== Material for the task ==

━━━━━━━━━━━━━━━━

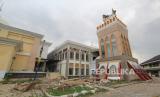 REPUBLIKA.CO.ID, INDRAMAYU -- Kondisi menara Masjid Syech Abdul Manan Islamic Center yang roboh di Indramayu, Jawa Barat, Rabu (9/12). Menara dari masjid yang diresmikan tahun 2018 itu roboh akibat terpaan angin kencang beberapa hari lalu.
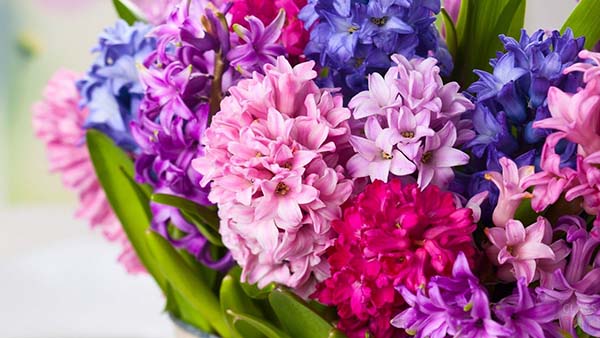 Mais un bouquet de jacinthes de différentes nuances est plus magnifique, coloré et solennel:
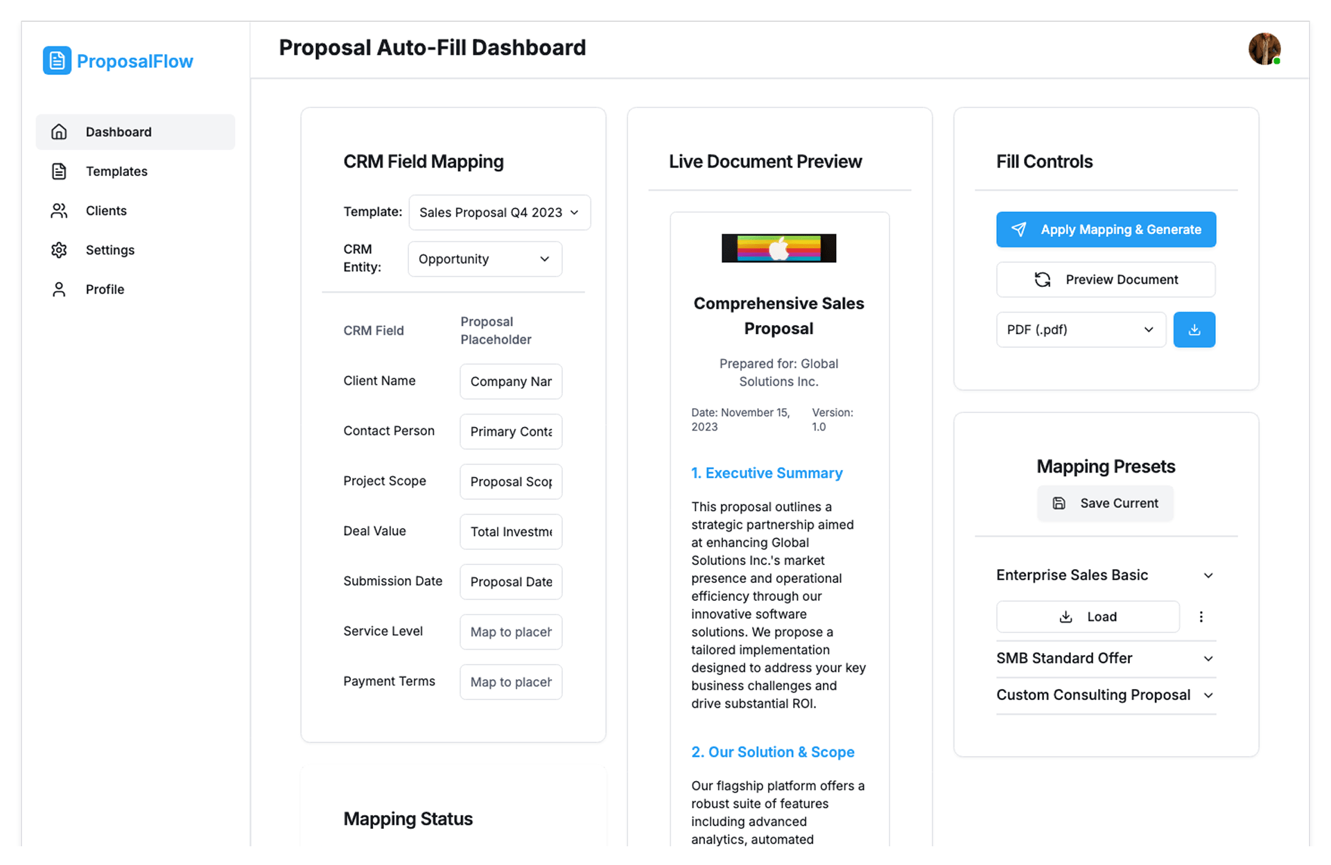 • Smart field mapping for client, pricing, and scope details
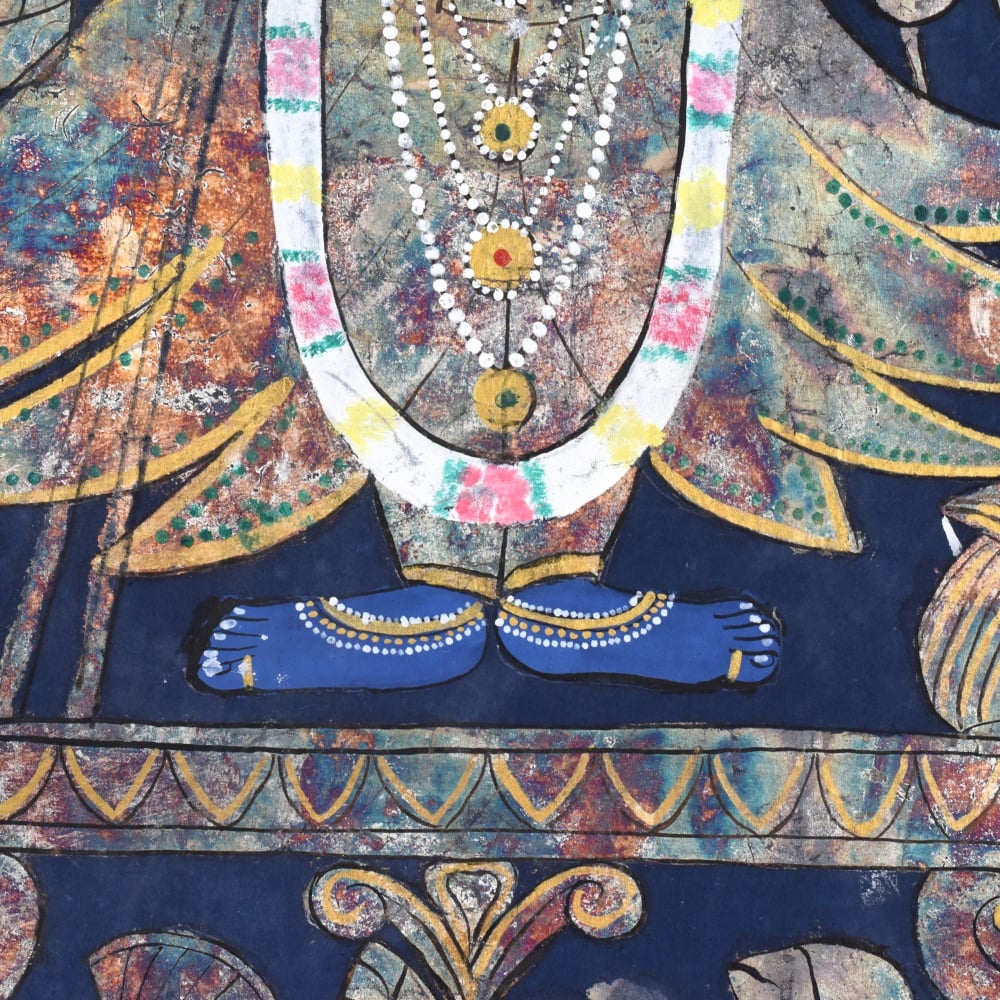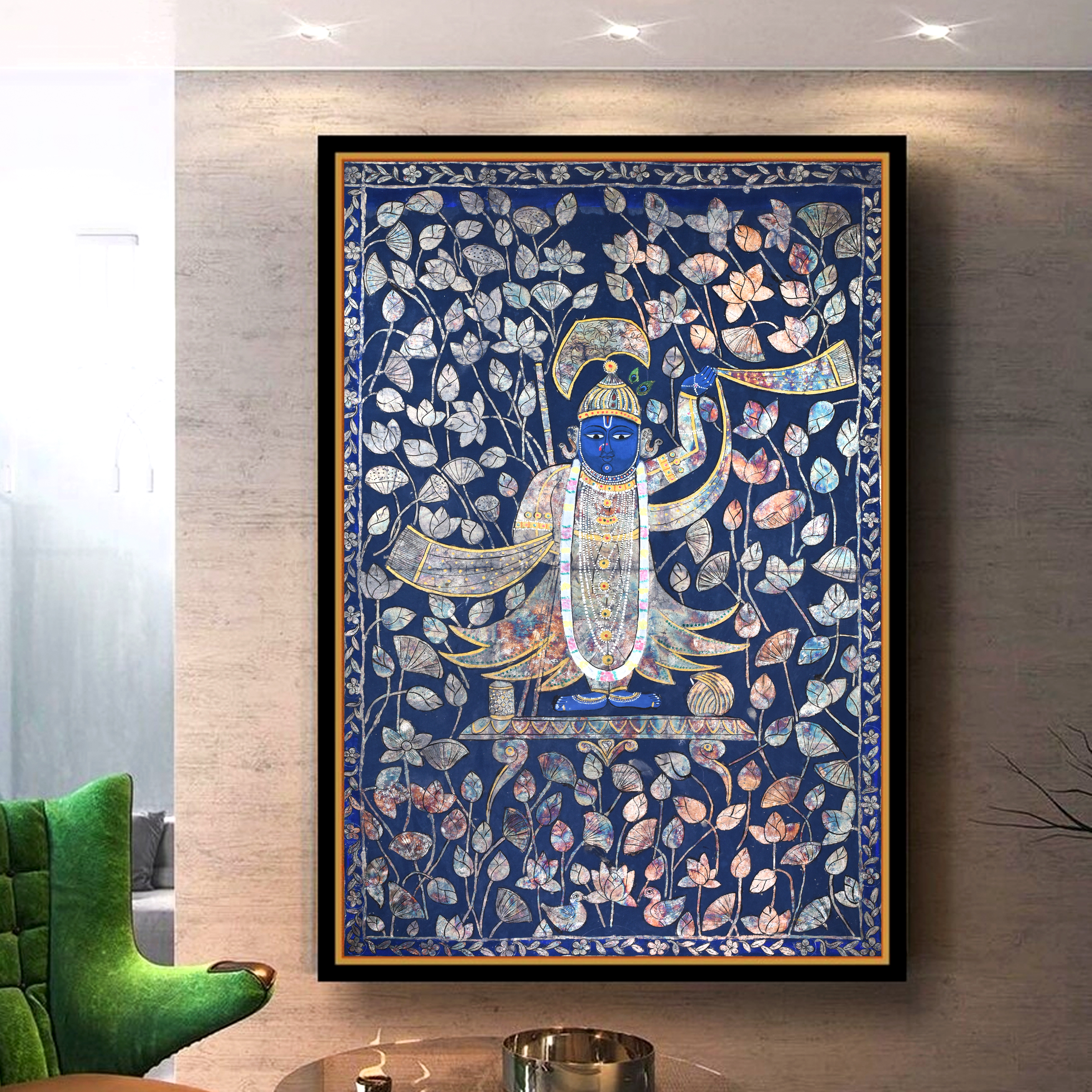 Immerse yourself in the divine essence of Lord Krishna with this exquisite cloth pichwai painting without frame, a masterpiece that will captivate your senses and transport you to a realm of spiritual serenity. This cloth pichwai painting is not merely a work of art - it's a portal to the sacred world of Hindu mythology. The ethereal blue backdrop sets the stage for the divine presence of Lord Krishna, whose captivating form is surrounded by a symphony of delicate floral motifs. Whether you're adorning your home, office, or place of worship, this pichwai painting will elevate your spiritual sanctuary, inviting you to bask in the grace and wisdom of the beloved Lord. Its timeless elegance and profound significance make it a cherished addition to any collection, a testament to the rich cultural heritage of India. Elevate your home decor and nourish your soul with the mesmerizing cloth pichwai painting of Lord Krishna - a true masterpiece that will inspire and uplift you every day.
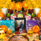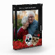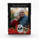 Elégant bloc photo cadre noir décoré d'un lit de roses rouges vintages et d'un crâne à sucre le coupler au fond. avec personnalisation de votre nom ou de vos noms défunts.
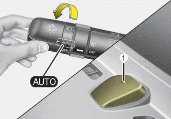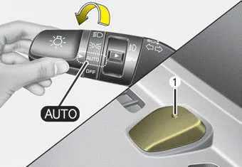 When the light switch is in the AUTO light position, the taillights and headlights will turn ON or OFF automatically depending on the amount of light outside the vehicle.
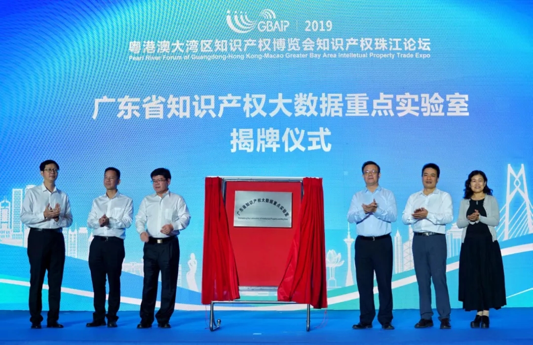马宪民、骆少明、郑海涛、彭茂祥、陈为民、戴青云共同为知识产权大数据重点实验室揭牌。
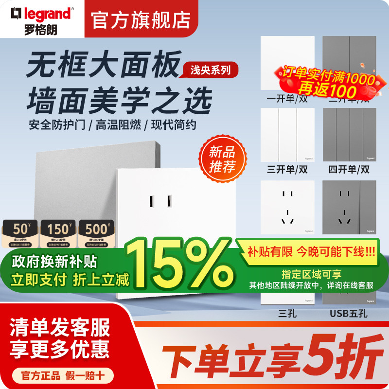 罗格朗开关插座面板仕典Plus白内嵌式一开五孔16三孔usb十大品牌
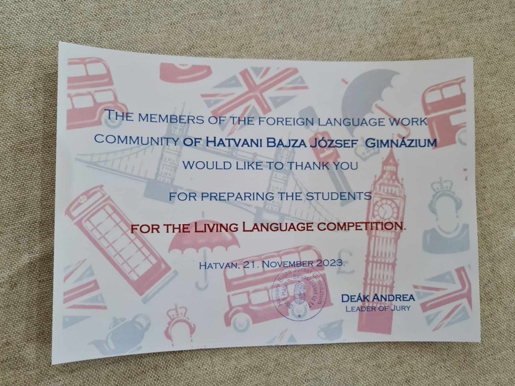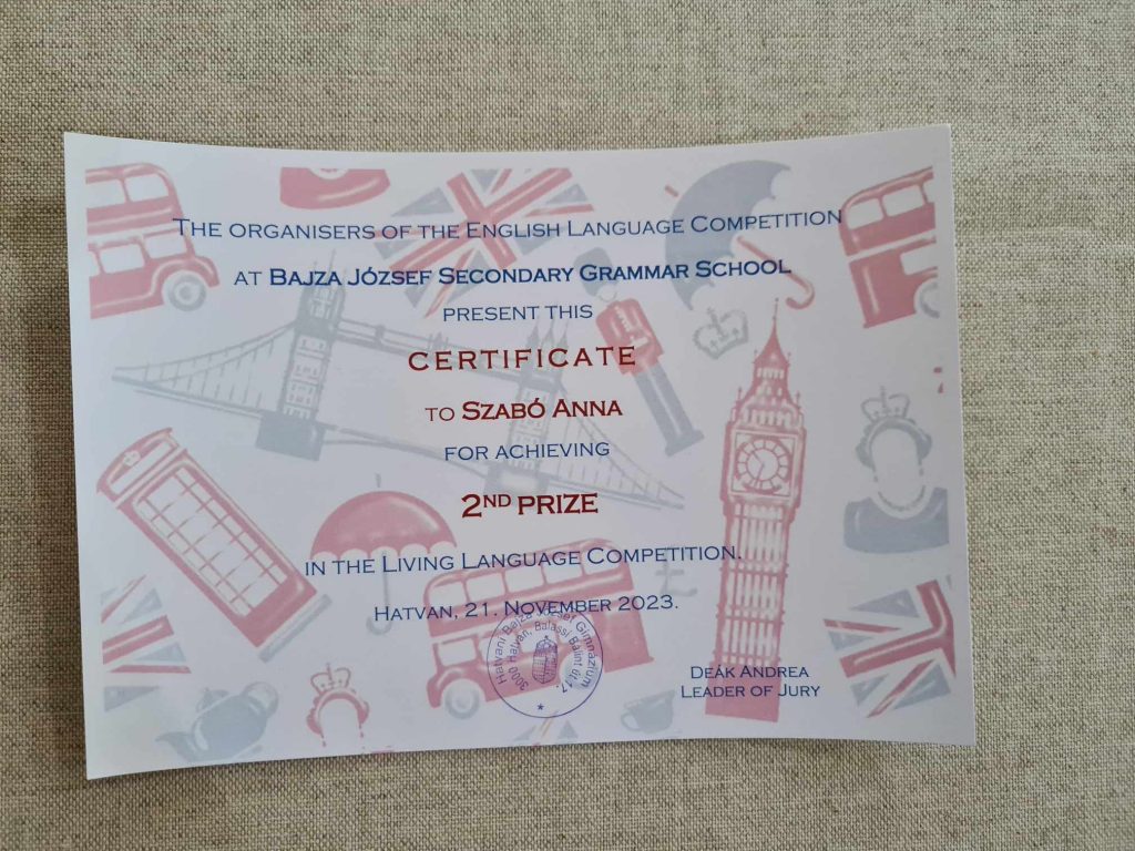 A HATVANI BAJZA JÓZSEF GIMNÁZIUM által meghirdetett angol versenyen 2. helyezett lett SZABÓ ANNA 8.a osztályos tanulónk
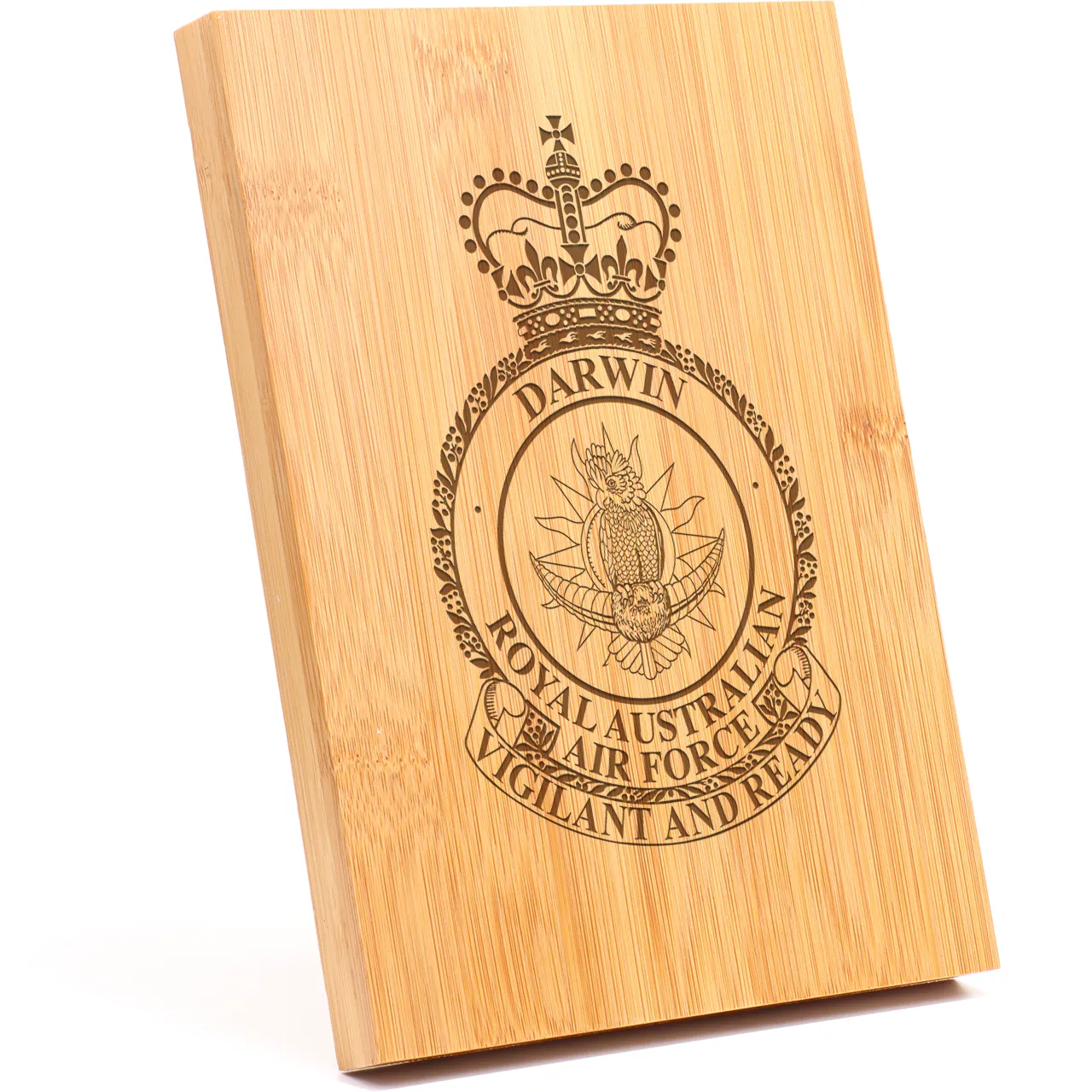 The RAAF Base Darwin (RAAFDAR) Engraved Apex Bamboo Award 200mm is the ideal choice for recognising excellence in military achievements. Crafted from high-quality bamboo, this award features a sleek modern design with clean, straight edges that make it an eye-catching addition to any presentation. Each plaque includes a sturdy metal stand, ensuring it takes pride of place on any desk or display. Perfect as military presentation gifts or farewell gifts, this award is a meaningful way to honour service and dedication.
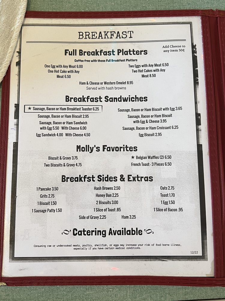Expect mouthwatering plates and a friendly vibe—Molly's Diner is where good food meets great company.
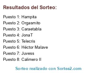 Lista de participantes: Héctor Malave, Hampita, Caraetabla, Telecris, Orgasmito, Juvess, JonaT, Calimero II, IJose.
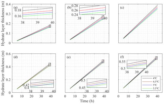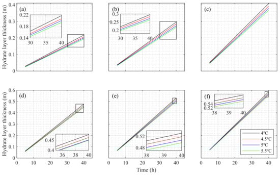 Hydrate formation thickness for seawater–bentonite slurry at water depths of (a) 1000 m, (b) 1200 m, (c) 1400 m, (d) 1600 m, (e) 1800 m, and (f) 2000 m under different temperature gradients.

━━━━━━━━━━━━━━━━

== Work order ==
When you reproduce the entries above, keep every word exact and leave the images out.

== Solution below ==
 REPUBLIKA.CO.ID, INDRAMAYU -- Kondisi menara Masjid Syech Abdul Manan Islamic Center yang roboh di Indramayu, Jawa Barat, Rabu (9/12). Menara dari masjid yang diresmikan tahun 2018 itu roboh akibat terpaan angin kencang beberapa hari lalu.
 Mais un bouquet de jacinthes de différentes nuances est plus magnifique, coloré et solennel:
 • Smart field mapping for client, pricing, and scope details
 Immerse yourself in the divine essence of Lord Krishna with this exquisite cloth pichwai painting without frame, a masterpiece that will captivate your senses and transport you to a realm of spiritual serenity. This cloth pichwai painting is not merely a work of art - it's a portal to the sacred world of Hindu mythology. The ethereal blue backdrop sets the stage for the divine presence of Lord Krishna, whose captivating form is surrounded by a symphony of delicate floral motifs. Whether you're adorning your home, office, or place of worship, this pichwai painting will elevate your spiritual sanctuary, inviting you to bask in the grace and wisdom of the beloved Lord. Its timeless elegance and profound significance make it a cherished addition to any collection, a testament to the rich cultural heritage of India. Elevate your home decor and nourish your soul with the mesmerizing cloth pichwai painting of Lord Krishna - a true masterpiece that will inspire and uplift you every day.
 Elégant bloc photo cadre noir décoré d'un lit de roses rouges vintages et d'un crâne à sucre le coupler au fond. avec personnalisation de votre nom ou de vos noms défunts.
 When the light switch is in the AUTO light position, the taillights and headlights will turn ON or OFF automatically depending on the amount of light outside the vehicle.
马宪民、骆少明、郑海涛、彭茂祥、陈为民、戴青云共同为知识产权大数据重点实验室揭牌。
 罗格朗开关插座面板仕典Plus白内嵌式一开五孔16三孔usb十大品牌
 A HATVANI BAJZA JÓZSEF GIMNÁZIUM által meghirdetett angol versenyen 2. helyezett lett SZABÓ ANNA 8.a osztályos tanulónk
 The RAAF Base Darwin (RAAFDAR) Engraved Apex Bamboo Award 200mm is the ideal choice for recognising excellence in military achievements. Crafted from high-quality bamboo, this award features a sleek modern design with clean, straight edges that make it an eye-catching addition to any presentation. Each plaque includes a sturdy metal stand, ensuring it takes pride of place on any desk or display. Perfect as military presentation gifts or farewell gifts, this award is a meaningful way to honour service and dedication.
Expect mouthwatering plates and a friendly vibe—Molly's Diner is where good food meets great company.
 Lista de participantes: Héctor Malave, Hampita, Caraetabla, Telecris, Orgasmito, Juvess, JonaT, Calimero II, IJose.
 Hydrate formation thickness for seawater–bentonite slurry at water depths of (a) 1000 m, (b) 1200 m, (c) 1400 m, (d) 1600 m, (e) 1800 m, and (f) 2000 m under different temperature gradients.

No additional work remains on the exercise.